• _WHAT YOU HAVE TO DO_
Under this line are the records; write out word for word the part that begins at the line containing "Teren de joc-puzzle" and ends at the line containing "Du 30 & 31 Août", and no more.

• _DATA FOR THIS TASK_
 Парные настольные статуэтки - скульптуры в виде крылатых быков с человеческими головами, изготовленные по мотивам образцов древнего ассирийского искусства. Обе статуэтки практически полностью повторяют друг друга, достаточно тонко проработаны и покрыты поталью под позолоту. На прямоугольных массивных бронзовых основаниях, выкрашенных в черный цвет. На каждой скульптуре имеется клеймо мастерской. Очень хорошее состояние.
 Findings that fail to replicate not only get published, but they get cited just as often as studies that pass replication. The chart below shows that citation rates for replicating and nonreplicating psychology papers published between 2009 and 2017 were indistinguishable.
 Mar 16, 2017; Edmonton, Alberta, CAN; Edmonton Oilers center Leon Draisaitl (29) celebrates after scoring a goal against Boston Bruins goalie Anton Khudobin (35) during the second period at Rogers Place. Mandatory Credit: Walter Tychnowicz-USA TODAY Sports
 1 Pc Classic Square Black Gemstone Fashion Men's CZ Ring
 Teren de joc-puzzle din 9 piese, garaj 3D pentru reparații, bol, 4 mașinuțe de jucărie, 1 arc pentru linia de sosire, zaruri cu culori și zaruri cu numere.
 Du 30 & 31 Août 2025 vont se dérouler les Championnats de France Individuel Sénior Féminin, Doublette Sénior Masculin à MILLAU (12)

==

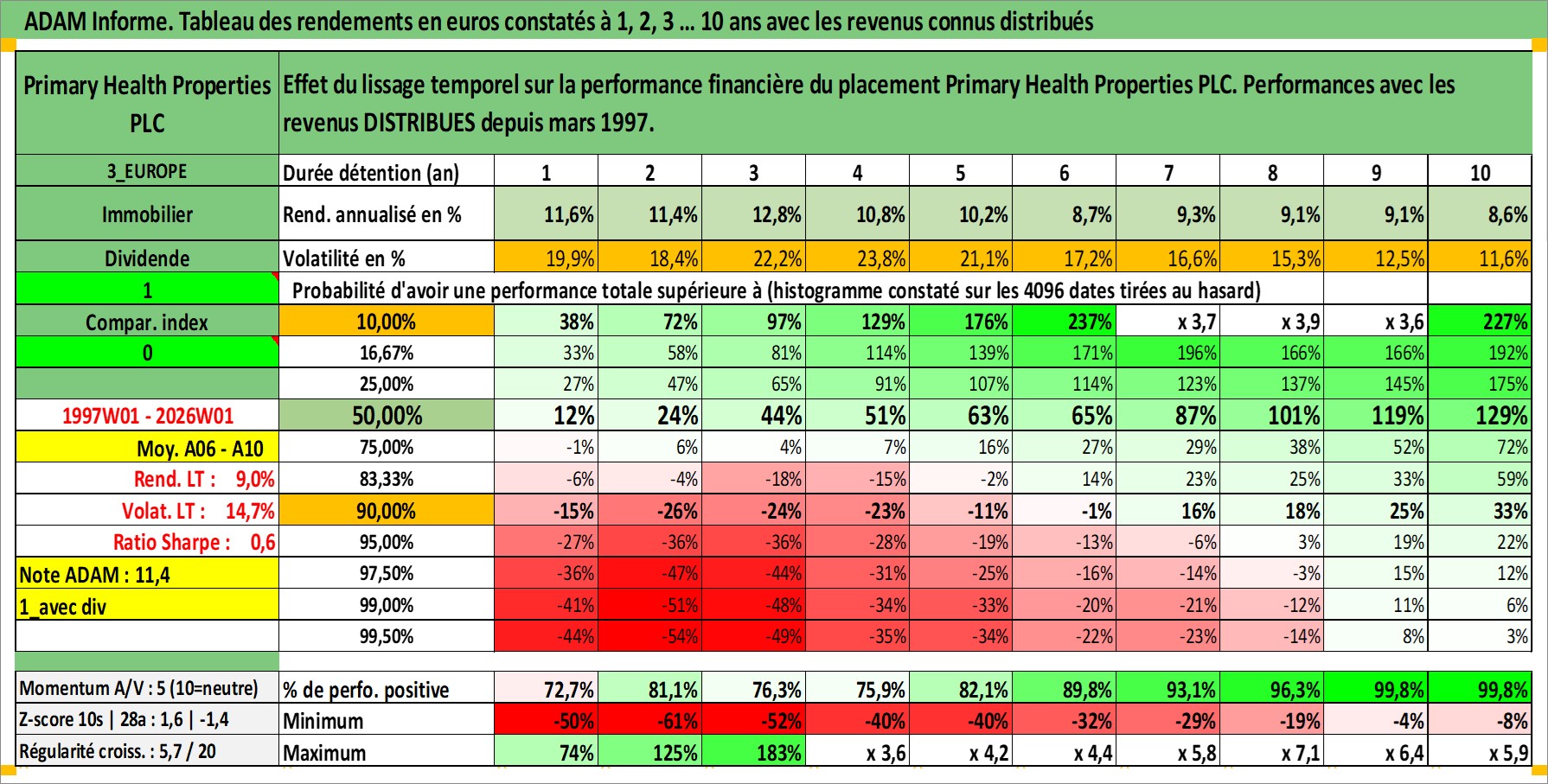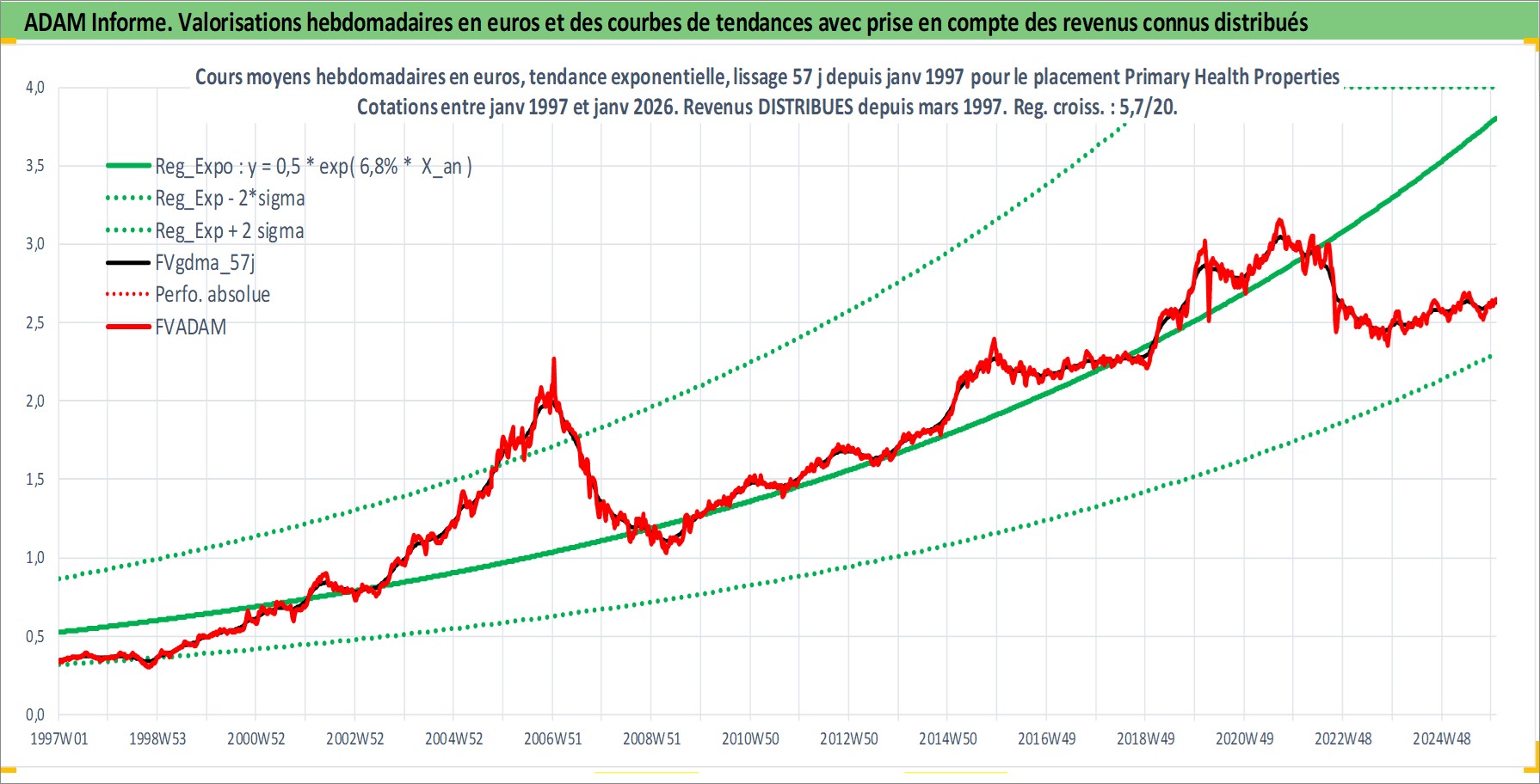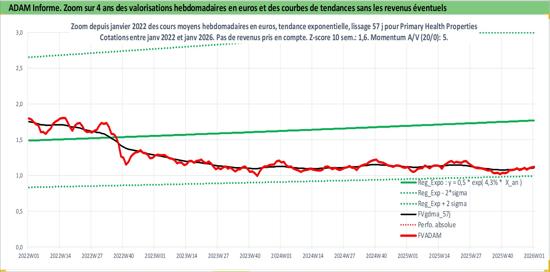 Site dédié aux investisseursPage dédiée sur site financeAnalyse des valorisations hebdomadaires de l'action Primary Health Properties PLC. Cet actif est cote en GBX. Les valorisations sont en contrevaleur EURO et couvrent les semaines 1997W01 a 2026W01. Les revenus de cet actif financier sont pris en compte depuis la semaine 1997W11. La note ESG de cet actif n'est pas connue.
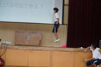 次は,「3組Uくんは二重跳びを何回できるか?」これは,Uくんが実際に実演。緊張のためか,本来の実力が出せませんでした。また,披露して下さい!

---

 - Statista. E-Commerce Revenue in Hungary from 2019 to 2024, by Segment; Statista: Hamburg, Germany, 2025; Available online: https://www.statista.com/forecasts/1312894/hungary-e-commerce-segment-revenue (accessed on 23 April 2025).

• _COMPLETED EXERCISE_
 Teren de joc-puzzle din 9 piese, garaj 3D pentru reparații, bol, 4 mașinuțe de jucărie, 1 arc pentru linia de sosire, zaruri cu culori și zaruri cu numere.
 Du 30 & 31 Août 2025 vont se dérouler les Championnats de France Individuel Sénior Féminin, Doublette Sénior Masculin à MILLAU (12)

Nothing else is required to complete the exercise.